*What you should do*
Could you set down only the lines from the one including "Ireland, Charles II" to the end of the records below, inclusive and exact, leaving pictures out?

=== Begin Enclosure ===

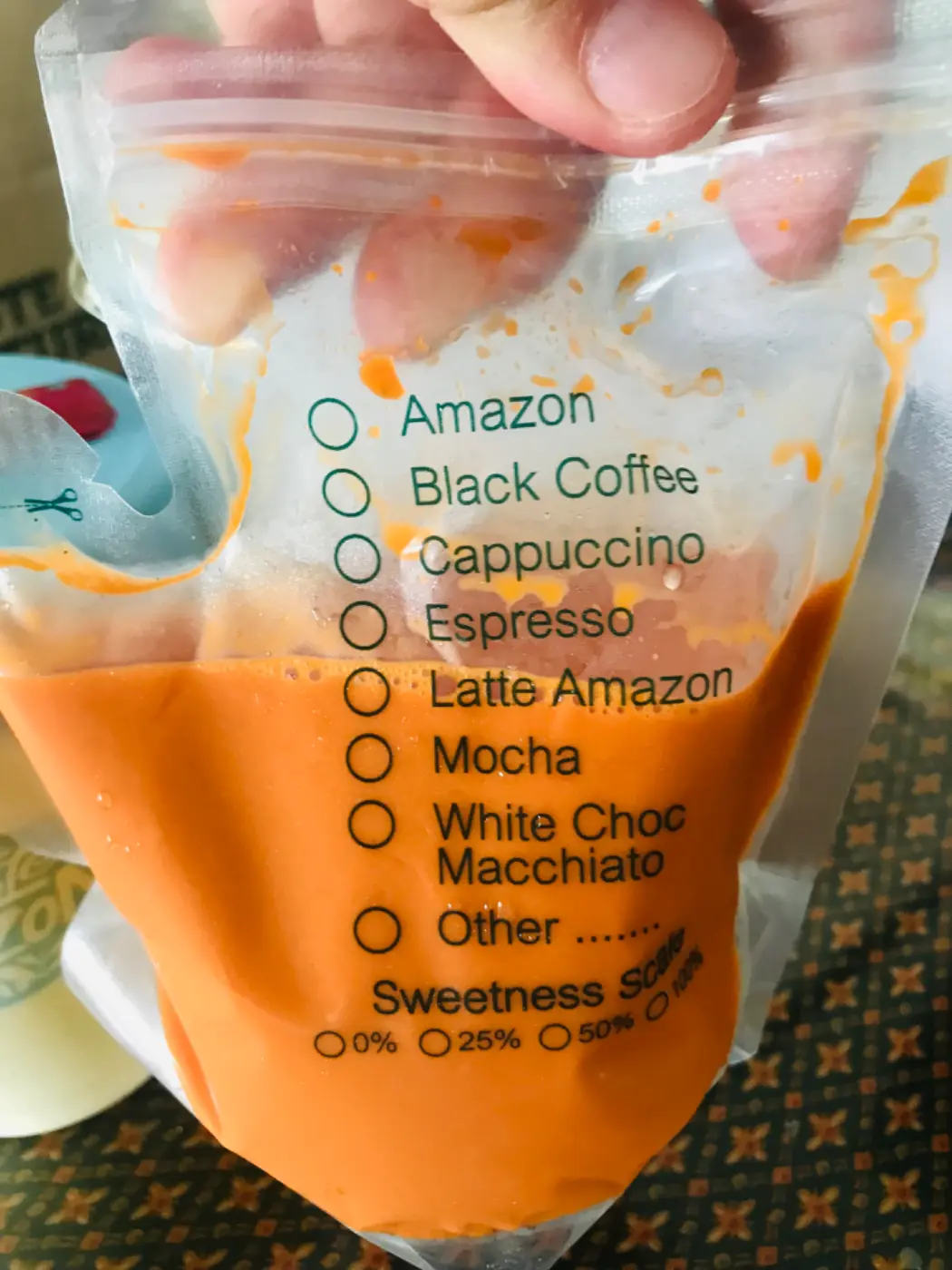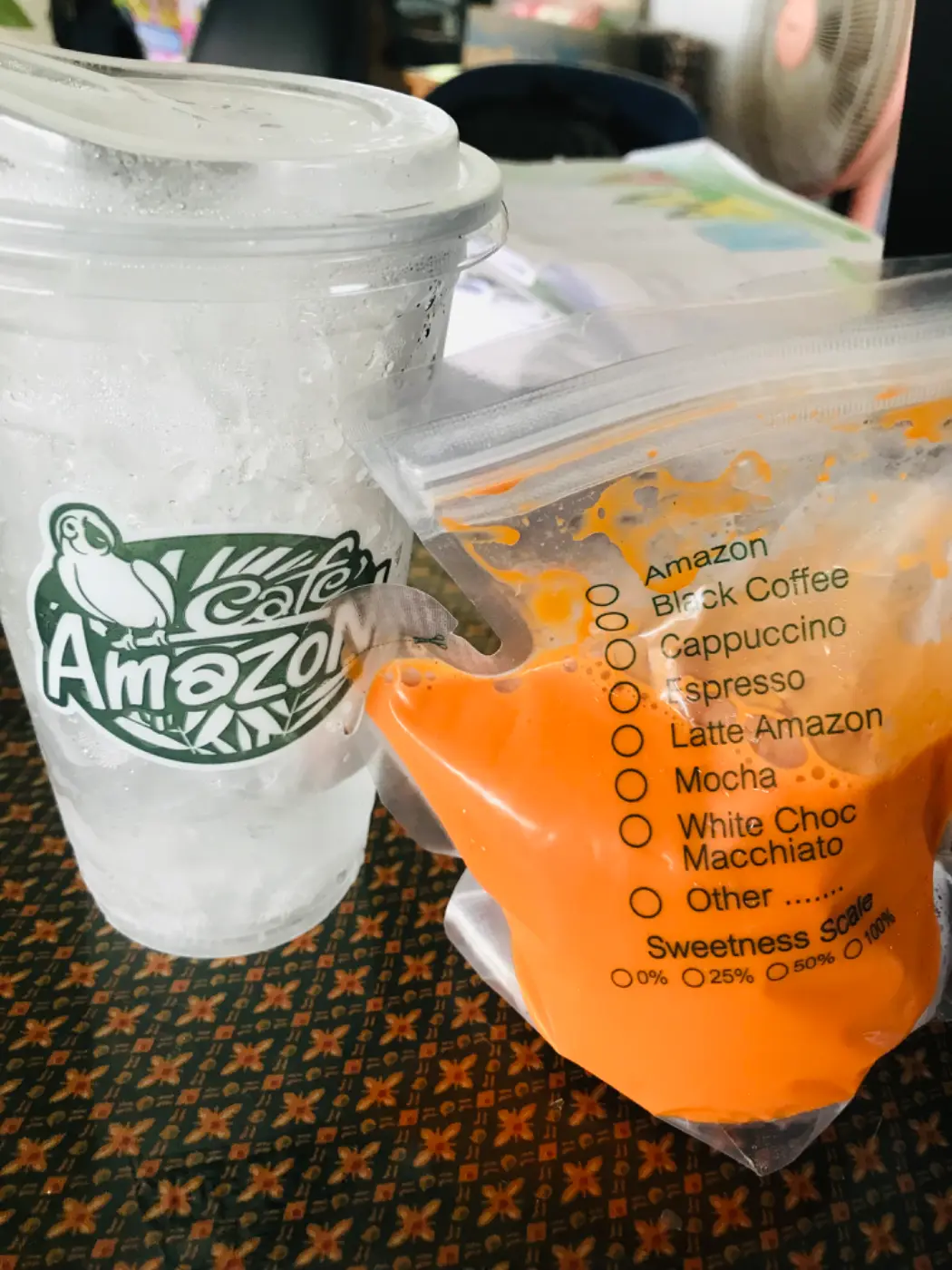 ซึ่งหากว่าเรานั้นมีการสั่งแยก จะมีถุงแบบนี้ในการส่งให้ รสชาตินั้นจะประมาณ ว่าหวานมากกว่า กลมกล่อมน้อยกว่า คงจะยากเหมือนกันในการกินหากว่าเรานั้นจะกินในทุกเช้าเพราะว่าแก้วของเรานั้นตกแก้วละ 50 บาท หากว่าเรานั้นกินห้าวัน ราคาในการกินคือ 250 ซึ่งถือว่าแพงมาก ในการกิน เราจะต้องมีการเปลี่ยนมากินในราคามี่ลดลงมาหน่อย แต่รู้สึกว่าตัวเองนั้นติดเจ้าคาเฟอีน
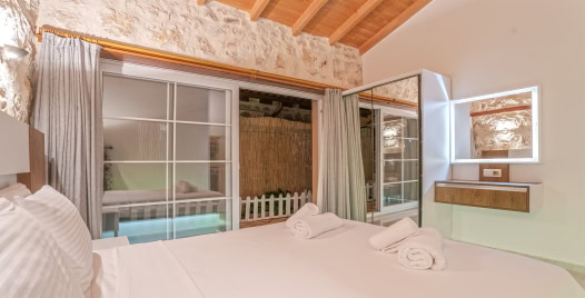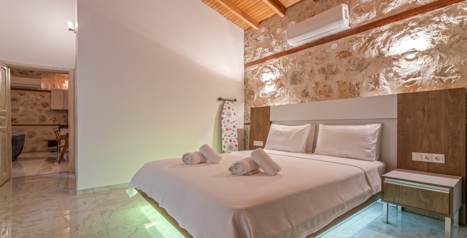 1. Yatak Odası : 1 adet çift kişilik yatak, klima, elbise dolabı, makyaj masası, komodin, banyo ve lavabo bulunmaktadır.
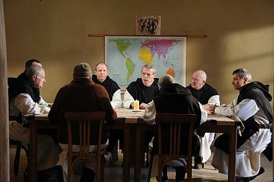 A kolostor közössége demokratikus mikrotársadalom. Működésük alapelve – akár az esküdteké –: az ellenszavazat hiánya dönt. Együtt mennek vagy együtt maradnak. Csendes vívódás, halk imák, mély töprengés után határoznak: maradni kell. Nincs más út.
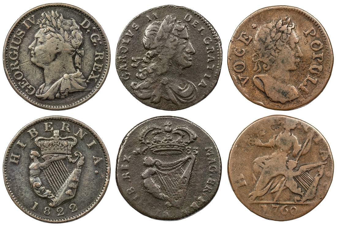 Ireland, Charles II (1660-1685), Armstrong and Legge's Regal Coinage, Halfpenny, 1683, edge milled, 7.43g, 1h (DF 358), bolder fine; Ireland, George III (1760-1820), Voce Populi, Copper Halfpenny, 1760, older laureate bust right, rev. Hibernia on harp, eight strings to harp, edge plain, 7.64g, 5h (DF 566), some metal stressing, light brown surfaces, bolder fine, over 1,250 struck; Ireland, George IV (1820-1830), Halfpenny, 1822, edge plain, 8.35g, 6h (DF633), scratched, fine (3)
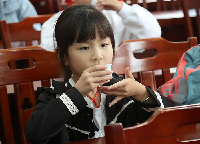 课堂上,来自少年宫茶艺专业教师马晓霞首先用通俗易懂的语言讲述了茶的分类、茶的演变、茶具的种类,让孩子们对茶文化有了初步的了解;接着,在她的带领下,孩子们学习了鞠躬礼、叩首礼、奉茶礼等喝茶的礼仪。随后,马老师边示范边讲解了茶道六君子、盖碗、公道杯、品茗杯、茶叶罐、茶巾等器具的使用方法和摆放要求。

=== End Enclosure ===

*Response to this task*
 Ireland, Charles II (1660-1685), Armstrong and Legge's Regal Coinage, Halfpenny, 1683, edge milled, 7.43g, 1h (DF 358), bolder fine; Ireland, George III (1760-1820), Voce Populi, Copper Halfpenny, 1760, older laureate bust right, rev. Hibernia on harp, eight strings to harp, edge plain, 7.64g, 5h (DF 566), some metal stressing, light brown surfaces, bolder fine, over 1,250 struck; Ireland, George IV (1820-1830), Halfpenny, 1822, edge plain, 8.35g, 6h (DF633), scratched, fine (3)
 课堂上,来自少年宫茶艺专业教师马晓霞首先用通俗易懂的语言讲述了茶的分类、茶的演变、茶具的种类,让孩子们对茶文化有了初步的了解;接着,在她的带领下,孩子们学习了鞠躬礼、叩首礼、奉茶礼等喝茶的礼仪。随后,马老师边示范边讲解了茶道六君子、盖碗、公道杯、品茗杯、茶叶罐、茶巾等器具的使用方法和摆放要求。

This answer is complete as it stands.